For Americans, this Cameroon presidential election drama reverberates far beyond the Gulf of Guinea, threading U.S. security, commerce, and conscience. Economically, Biya’s oil-cocoa powerhouse—Africa’s most diversified—feeds $2 billion in yearly U.S. imports, but corruption siphons 20% of GDP, per World Bank, inflating global cocoa prices that hike Hershey bars and EV batteries amid supply snarls. Politically, it spotlights U.S. Africa Command’s counter-Boko Haram ops, with 300 troops in Chad eyeing Cameroon’s jihadist bleed—escalation risks taxpayer billions, echoing Sahel pullouts. Technologically, stalled reforms hobble Camtel’s 5G rollout, bottlenecking U.S. firms like Cisco in a $1 trillion Afri-digital boom. Lifestyle ties hit home: Diaspora Cameroonians, 100,000 strong in Maryland-New York enclaves, remit $500 million yearly, strained by homeland inflation at 6% and 40% youth joblessness—mirroring U.S. immigrant tales of divided loyalties.

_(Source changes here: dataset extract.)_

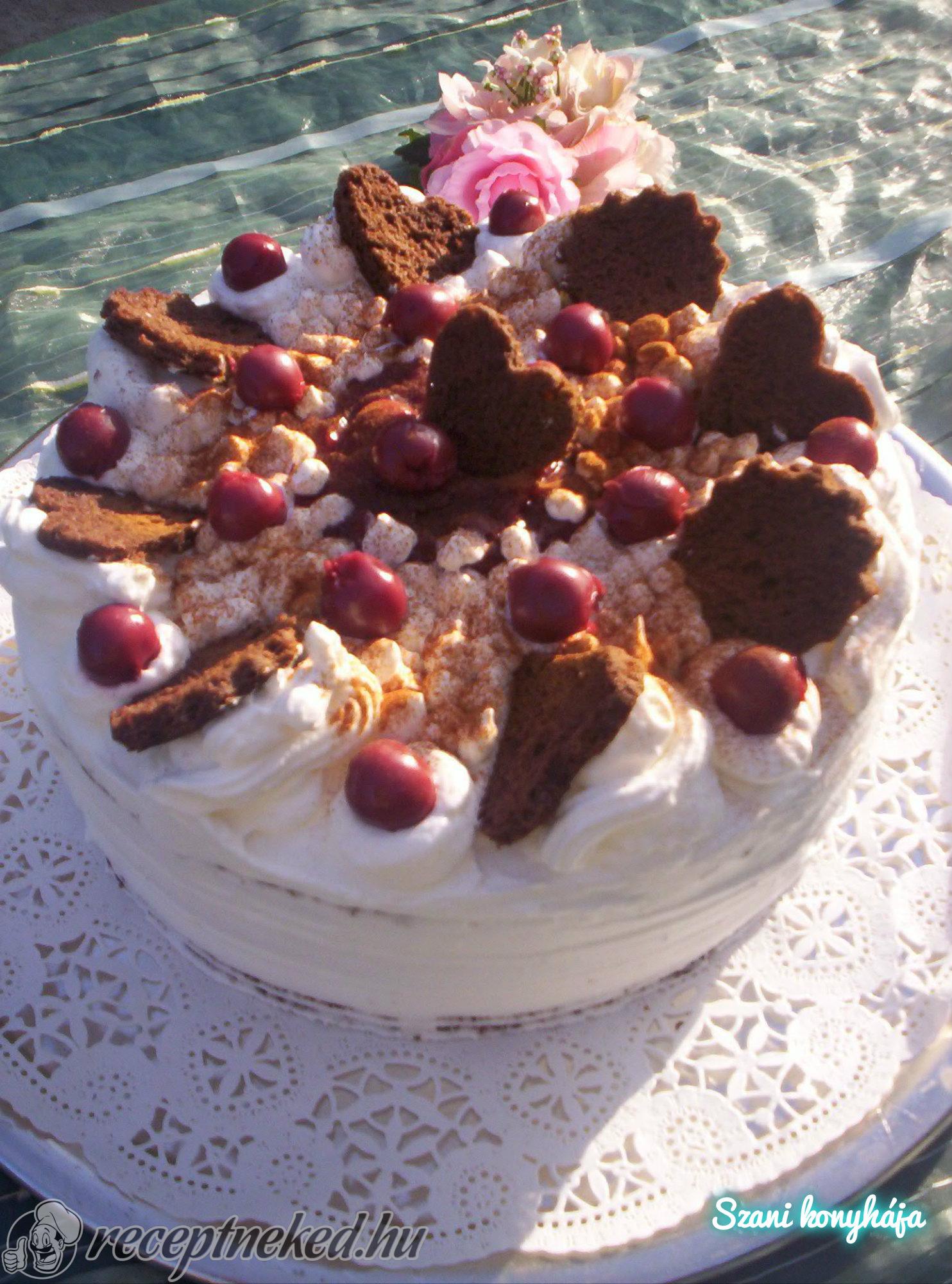 A maradék tejszínhabot egyenletesen eloszlatjuk a torta tetején és oldalán. Habzsák segítségével nagyobb díszítő mintákat nyomunk a tetejére, ezekre helyezzük a kiszúrt piskótadarabokat. Fahéjat szitálunk rá, majd a nagyobb minták közé kisebb díszítéseket nyomunk, ezek tetejére kerülnek a félretett meggyek.

Sports fans feel the Anglophone quake: Crumbling pitches in Bamenda sideline soccer talents eyeing MLS dreams, while U.S.-backed peace pacts falter. User intent screams for hope amid despair—voters hunt blueprints for equity, not eternity; expats seek visa-safe updates on post-poll stability. Managing the melee demands Elecam transparency: Verified tallies due in 15 days, but past probes (like 2018’s ghost votes) breed skepticism.

As urns seal at 6 p.m., Biya’s bid to rule till 99 tests Cameroon’s soul—will his machine mint another mandate, or will youth fury fracture the facade? With separatist shadows lengthening and opposition embers glowing, this vote isn’t just Cameroon’s crossroads; it’s a global gauge of longevity’s limits in a restless world. The counts will tell, but the cries already echo.